Aubin-Louis Millin de Grandmaison (19 July 1759 (Paris) – 14 August 1818 Paris) was an antiquary and naturalist erudite in various domains, who succeeded Jean-Jacques Barthélemy as curator of the Cabinet des médailles et antiques of the former French royal library and took an interest in medieval art, which was just beginning to attract serious attention, as well as classical culture.

==Biography==
During the French Revolution he was imprisoned in 1793 as a result of his campaigns against Jacobins in the Chronique de Paris, which he edited. At the end of a year's term, he was freed following the Thermidorian Reaction, to teach archeology at the nationalised royal library, reestablished as the Bibliothèque nationale; there he also served as conservateur-professeur in the department of antiquities and in 1799-1800 as president of the Conservatoire de la Bibliothèque nationale de France.

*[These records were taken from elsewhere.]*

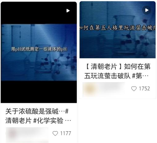 這種屬於互聯網文化的獨一份,即使自己想要復刻,也難如登天,“清朝老片”原本代表的化學實驗視頻也是一樣。
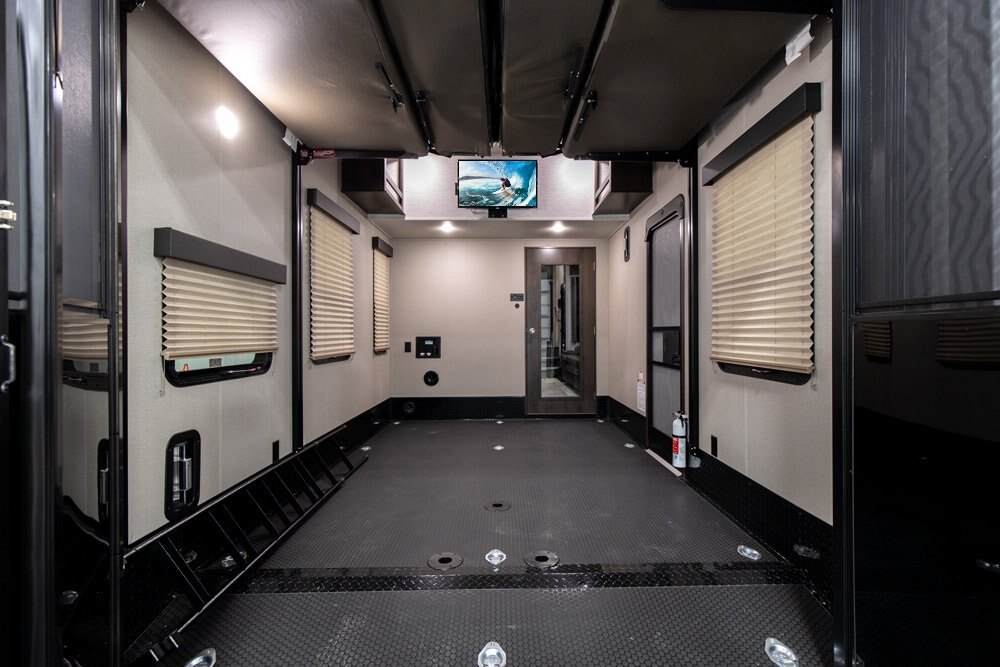 The Momentum Fifth Wheel Toy Hauler is the point where absolute luxury meets mobile garage! We have completely raised the Toy Hauler bar by incorporating an elegant Master Bath and Master Suite (with a full walk-in closet) into this unit! But trust us, we didn't ignore the Living and Garage areas. Check out our Floorplan Fly-Through Videos and get a feel for the extraordinary space we've created. We know you will agree with us when we say that "The Momentum RV is the place to live well and play hard!".
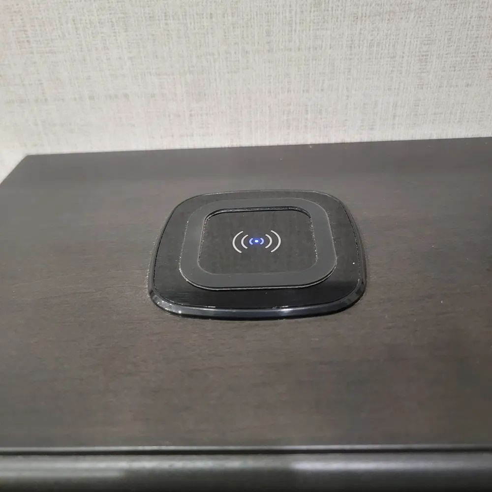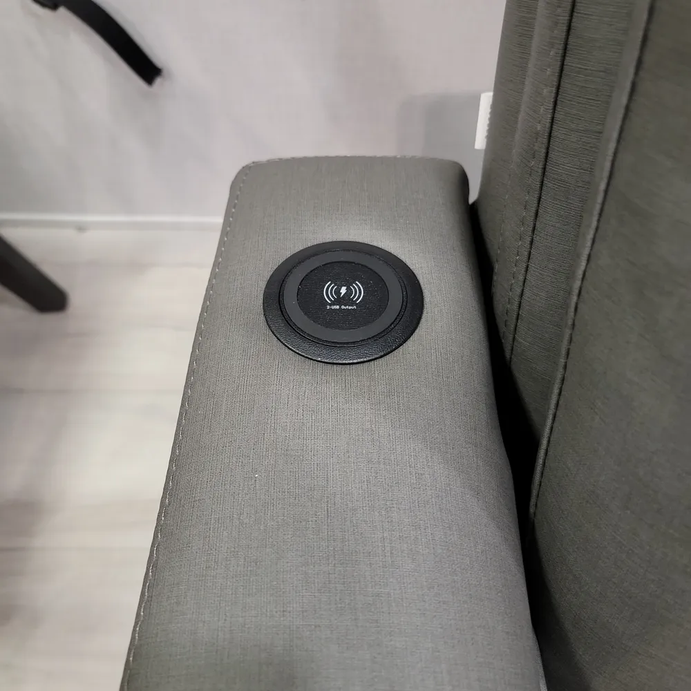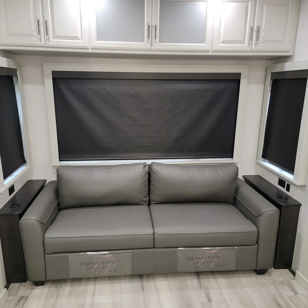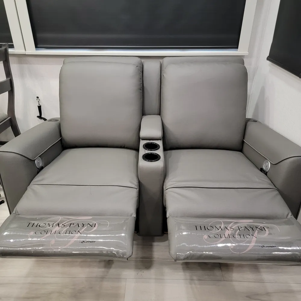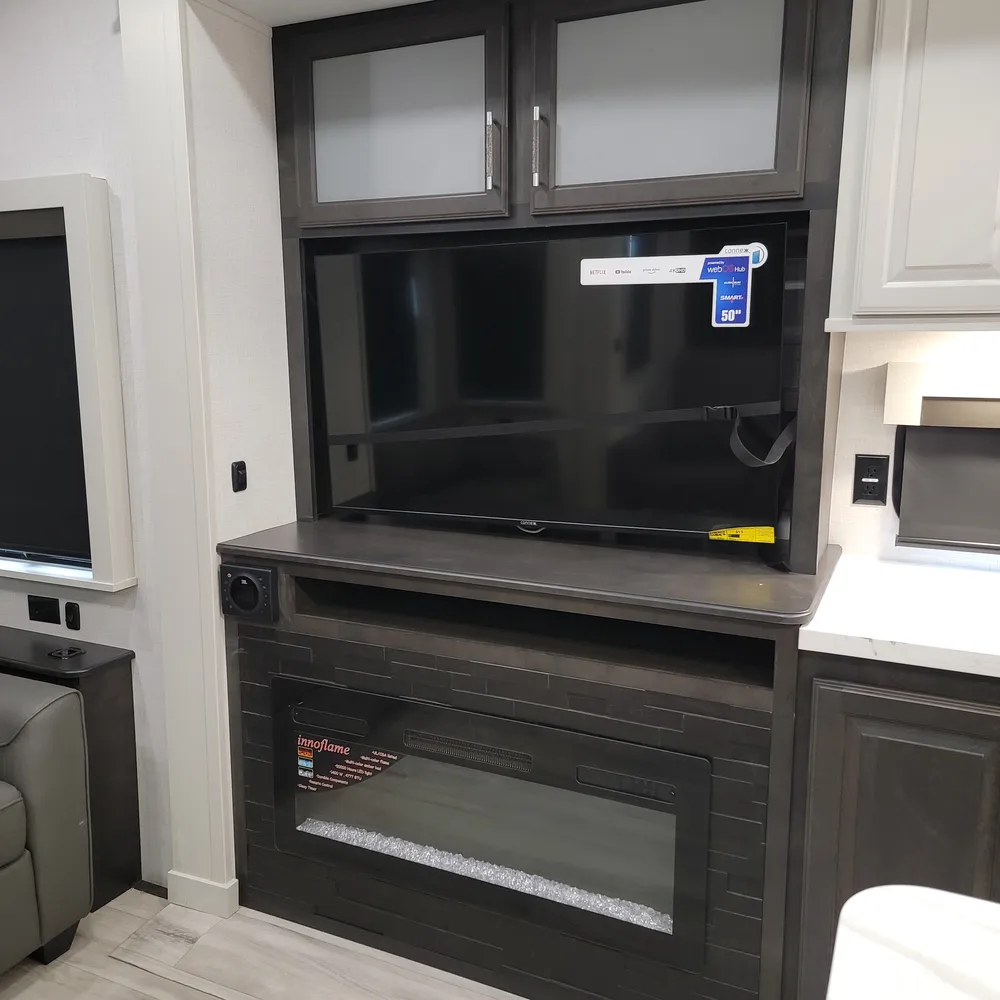 The rear living area features theater seating with heat, massage, and USB charging stations positioned across from a 40-inch fireplace and entertainment center with a 50-inch LED TV and sound system. A hide-a-bed sofa sleeper provides additional sleeping space for guests.
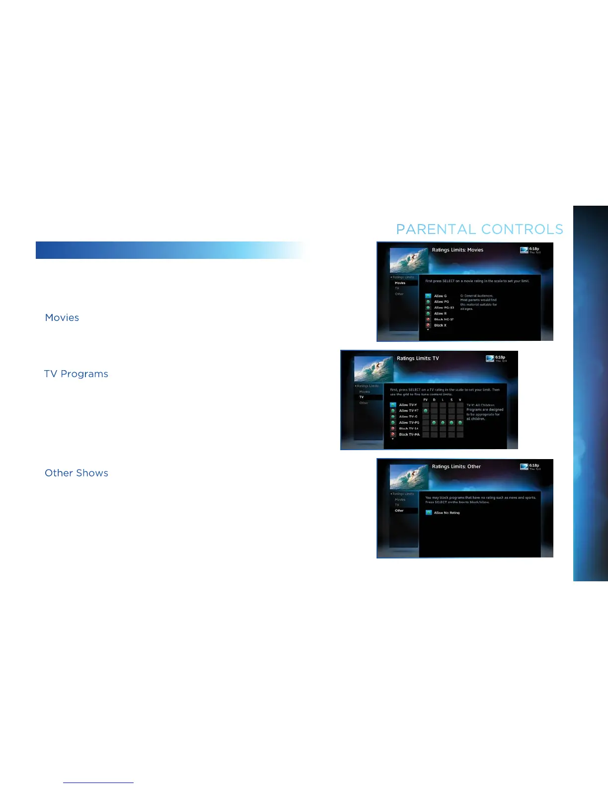 can also set ratings limits for particular types of content such
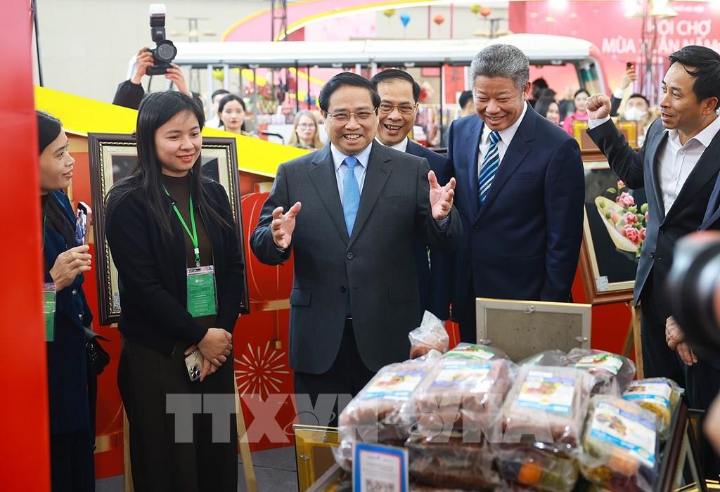 Thủ tướng Phạm Minh Chính tham quan các gian hàng tại Hội chợ Mùa Xuân lần thứ nhất - năm 2026. Ảnh: Dương Giang-TTXVN

As a naturalist he joined Pierre Marie Auguste Broussonet (1761–1807) and Louis-Augustin Bosc d'Antic (1759–1828) to form the first Linnean society in the world, the Société linnéenne de Paris. His Éléments d'Histoire naturelle (1797) formed part of the curriculum of the École centrale Paris.

At the same time he was known for the many articles he published on Greek vases. In 1806, appeared his Dictionnaire des Beaux-Arts. From 1807 to 1811, appeared the four volumes of his Voyage dans les départemens du Midi de la France, accompanied by an atlas. In 1811 he travelled in Italy and Sicily, and afterwards published designs of the mosaic paving in the cathedrals of Apulia.

Millin de Grandmaison was the director of the Magasin encyclopédique and participated in other scientific reviews and belonged to numerous scientific societies. He translated numerous accounts of voyages, edited two dissertations of Carl von Linné for the Société philomathique de Paris and one by Johan Christian Fabricius (1745–1808). He carried on an important correspondence with the German archaeologist Karl August Böttiger.

In 1817, he was a founder of the Annales encyclopédiques.

Millin de Grandmaison was born and died in Paris.